Solving the array design problem requires an anatomically appropriate head model and a range of potential optode positions (i.e., a solution space), which must relate to a reference system that allows users to transfer their solution from software into the physical world. It also requires the PMDFs of all possible viable channels (or means of creating them). In addition, there are a series of variables related to the specific array design problem. These include the user-defined ROI, how many sources and detectors are available, and what source–detector separations are viable for the user’s fNIRS system. In the following sections, we describe how we formulated the problem and prepared the necessary data. We also outline the objective function that Array Designer is designed to maximize.

## 2.1.1.

#### Anatomical head model

The optimum array should be calculated in a head model that is as similar as possible to the population under investigation or even within a subject-specific head model, if appropriate (e.g., for clinical applications). Several head models have been recently proposed that span the neonatal^{26} and adult populations.^{4}^{,}^{21} It is our goal to ultimately allow each user to select the best head model (or individual head model) for their study since the methods proposed here are generalizable to any head model. However, for testing and validation purposes, we decided to employ the adult head model built from the nonlinear asymmetric MNI-ICBM152 atlas.^{27} This head model was built as described in Brigadoi and Cooper^{4} and Dempsey et al.^{28} and can be freely downloaded at Ref. 29. This package contains high-density scalp surface, gray matter (GM) surface, and head volume meshes.
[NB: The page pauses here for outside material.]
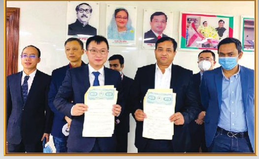
গাজীপুর সিটি কর্পোরেশন ও জাপানের একটি প্রতিষ্ঠানের সাথে চুক্তি স্বাক্ষর অনুষ্ঠানে মাননীয় মেয়র

Note that for the purposes of testing Array Designer, the original GM surface mesh (number of nodes: 30327) was downsampled by a factor of 2.5 using the iso2mesh toolbox^{30} to yield a surface mesh of 12,038 nodes. The downsampled GM mesh preserved the critical anatomical details (i.e., the cortical folding) but allowed us to reduce the computational time required by some of the algorithms we tested.

## 2.1.2.

#### 10-2.5 reference system

Users often employ the 10-5 EEG system,^{31} which comprises 345 points, as a reference system when positioning their optodes, i.e., as their solution space. However, the distance between nearest-neighbor points in the 10-5 system averages $17\pm 1.9\text{\hspace{0.17em}\hspace{0.17em}}\mathrm{mm}$, and consequently, the second nearest neighboring points often exceed 30 mm. As a result, the density of the 10-5 system is not ideal for fNIRS array design, as arrays typically include channels between 20 and 50 mm in the adult brain,^{32} usually with an optimum distance of 30 to 35 mm. Using the 10-5 system therefore inevitably reduces our ability to position the optodes in an optimum way. In order to increase the solution space, we computed an increased density version of the 10-5 system: the 10-2.5 system, using the scalp surface mesh introduced above. This system comprises 1092 points and was built by adding points halfway between two existing 10-5 locations, computed according to Oostenveld and Praamstra’s definition^{31} (see Fig. 1). The average distance between neighboring points in this system is $8.7\pm 1\text{\hspace{0.17em}\hspace{0.17em}}\mathrm{mm}$, which increases the number of positions that can be paired to yield valuable fNIRS channels. Of course, it is possible to increase the density of the solution space arbitrarily, for example, to a 10-1.25 system. However, these higher density systems will be difficult to translate in practice since the distance between neighboring points will likely be less than the precision with which a cap can be prepared and applied by the experimenter.

## 2.1.3.

#### PMDF computation

Photon migration simulations were performed with the TOAST++ software^{18} for each of the 10-2.5 points within MATLAB (Mathworks, Massachusetts). These simulations only need to be run once for each head model and can then be stored as described below for repeated use by Array Designer. Using the MNI-152 head volume mesh, optical properties were assigned to each tissue type (scalp, skull, cerebrospinal fluid, gray and white matter) by fitting all published adult values across the NIR spectrum and selecting the fitted values at a wavelength of 800 nm.^{33}34.^{–}^{35} Fluence distributions were then computed for each 10-2.5 position in the volume mesh. To minimize computational burden, rather than computing every PMDF in the high-density volume mesh, the volumetric fluence distributions for each 10-2.5 point were first projected on to the GM surface mesh. We then computed GM surface-based PMDFs for all viable channels using the adjoint method. Viable channels were defined as any possible pair of 10-2.5 points within a maximum distance of 60 mm of one another (77,995 channels). The PMDFs were calculated for a given channel by taking the product of the GM-surface fluence distributions for a selected source and detector, correcting for elemental mesh volumes and normalizing by the value of the volumetric source fluence distribution at the detector position or the value of the volumetric detector fluence distribution at the source position (whichever is larger). This normalization factor is referred to as ${\mathrm{PMDF}}_{\text{norm}}$. All PMDF values smaller than $1\times {10}^{-6}$ times the maximum value of the PMDF were set to zero to promote the sparsity of the matrix. The resulting GM surface distribution vectors each had dimensions of $1\times \mathrm{12,038}$ (number of GM nodes). A total of 77,995 sparse surface PMDF matrices were calculated and stored in a MATLAB cell array of dimensions $1092\times 1092$, each cell being a possible combination between two 10-2.5 points. When saved to the disk, the full PMDF data occupied 1.79 Gb of hard drive space.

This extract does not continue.